As for how disabling blit engine flush fixes the problem - the access violation has no writes just unprotect and proceed. Its much much faster because of this so the thread will keep running. I can write a simple test case to prove what is the cause of the situation. Just add a busy loop or sleep when flushing a blit engine resource, after unprotect but before violation handler returns.
As for synchronizing between gpu and cpu sections, thats what the access violation handler is for! Disabling flush disables this synchronization.

Since all we get rsx-side is the hardware view of the application, there isn't much you can control for. There is no context to any actions the game is doing, just random commands telling the hardware units to do stuff.

kd-11 commented 6 years ago

Ran a few tests and got interesting results.

Disable the actual flushing (the memcpy, but keep the general flow the same which is still very fast) - all good
Enable flushing but intentionally write trash - broken
Repeat 2 but guard the flush code with a full emulated system pause then resume after memory has been flushed/synchronized - All good despite intentionally writing trash (intentional corruption)
Use your workaround but make the unprotect for blit engine slow if violation is caused by a write - Always hangs on loading screen.

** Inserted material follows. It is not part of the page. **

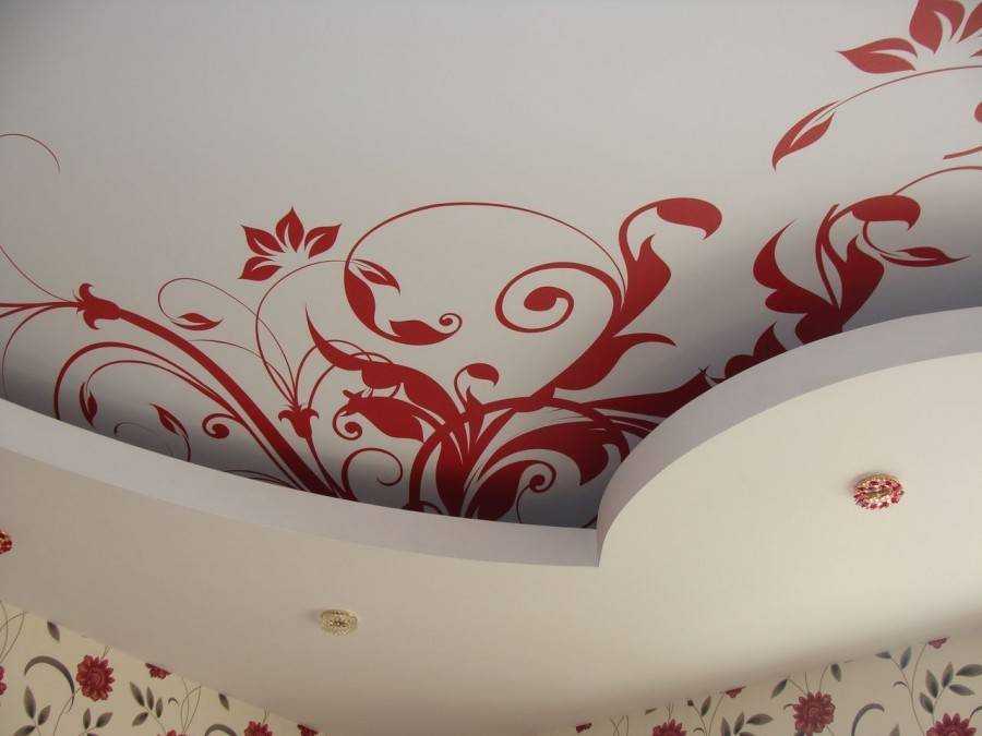 рисунок – точнее говоря, условное или абстрактное изображение, например, букет цветов, чашка кофе, затейливая красочная виньетка. Такой декор удобен тем, что позволяет зонировать комнату, так как собственно изображение занимает не весь потолок, а лишь какую-то его часть
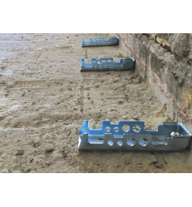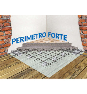 Connettore Perimetrale CentroStorico, elemento prismatico in acciaio zincato, nervato sulle pareti laterali per ospitare le barre di armatura longitudinali, atte a formare la cerchiatura perimetrale.

I also checked a few things and discovered the following:

The game uses some allocation algo so memory isnt always used for the same thing every time
The corruption indeed happens because of racing SPU threads reaching the violation handler at different times. Likely some decompression handled in parallel (its a spurs job thread). This game is known for using all available spurs jobs to concurrently operate on one task.
Wrapping flush with a system pause/resume fixes the flaw but its not perfect (I'm using recompilers so they will run ahead and stop 'at a bad time' since a block is executed in its entirety before checking emu status. This shows that its indeed the writeback race condition that causes this.

Unfortunately, other than rewriting the whole virtual memory management, the only way around this is to just 'Force CPU blit emulation' (without WCB). This game does not need it - it blits over compressed textures and the result is rejected later anyway because no current graphics API allows typecasting arbitrary RGBA data into DXT/BC.

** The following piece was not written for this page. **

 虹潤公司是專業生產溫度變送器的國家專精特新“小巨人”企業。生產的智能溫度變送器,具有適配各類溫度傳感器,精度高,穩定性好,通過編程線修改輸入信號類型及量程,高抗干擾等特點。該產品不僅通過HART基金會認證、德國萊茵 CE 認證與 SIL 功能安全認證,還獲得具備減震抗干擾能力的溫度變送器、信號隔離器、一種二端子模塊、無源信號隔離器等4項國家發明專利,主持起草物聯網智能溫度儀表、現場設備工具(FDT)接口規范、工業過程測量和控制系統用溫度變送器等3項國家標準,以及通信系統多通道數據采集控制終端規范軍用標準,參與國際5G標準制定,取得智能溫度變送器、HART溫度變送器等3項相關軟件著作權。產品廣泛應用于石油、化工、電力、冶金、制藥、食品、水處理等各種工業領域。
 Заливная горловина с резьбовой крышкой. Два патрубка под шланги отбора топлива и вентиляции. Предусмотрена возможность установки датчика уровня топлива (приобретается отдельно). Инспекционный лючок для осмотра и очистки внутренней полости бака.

Each run was done 5 minutes at a time with load screen spamming and some code changes to increase frequency. When using OGL its easy to make the emu deadlock without actually spewing the semaphore timeout if you know where to poke.

ruipin commented 6 years ago

Thank you very much for your time and explanation, it all makes much more sense now. I've actually had a few instances of full-on deadlocks when using OpenGL without the semaphore timing out, but I just assumed I had broken something while testing, I guess it wasn't a coincidence.

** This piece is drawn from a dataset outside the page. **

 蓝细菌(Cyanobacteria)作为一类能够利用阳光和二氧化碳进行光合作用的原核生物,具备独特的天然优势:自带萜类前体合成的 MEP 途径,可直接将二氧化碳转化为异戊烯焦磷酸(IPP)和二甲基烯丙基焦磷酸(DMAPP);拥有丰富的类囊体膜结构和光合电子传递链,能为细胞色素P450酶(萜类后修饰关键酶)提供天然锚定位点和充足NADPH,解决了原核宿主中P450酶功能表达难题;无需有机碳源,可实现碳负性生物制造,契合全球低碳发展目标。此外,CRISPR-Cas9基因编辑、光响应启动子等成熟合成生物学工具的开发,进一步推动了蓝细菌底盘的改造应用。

I'm not sure if there's anything else I can do at this point to help - I'm a computer architecture / hardware engineer guy, not a software engineer, so while I understand what the issue is, it's a bit out of my league to fix! Let me know if there's anything else I can do.

I guess I'll just force CPU blit (with WCB disabled) while playing this game. I'll have to test what kind of impact that has on performance - worst case, I'll just use my workaround above instead!

You mentioned before that other games have corruption because of similar reasons. Am I incorrect that these games also have no easy way to fix the issue without rewriting the whole virtual memory management system? Because from what you say, if the emulator wants full compatibility then that will be necessary at some point, right?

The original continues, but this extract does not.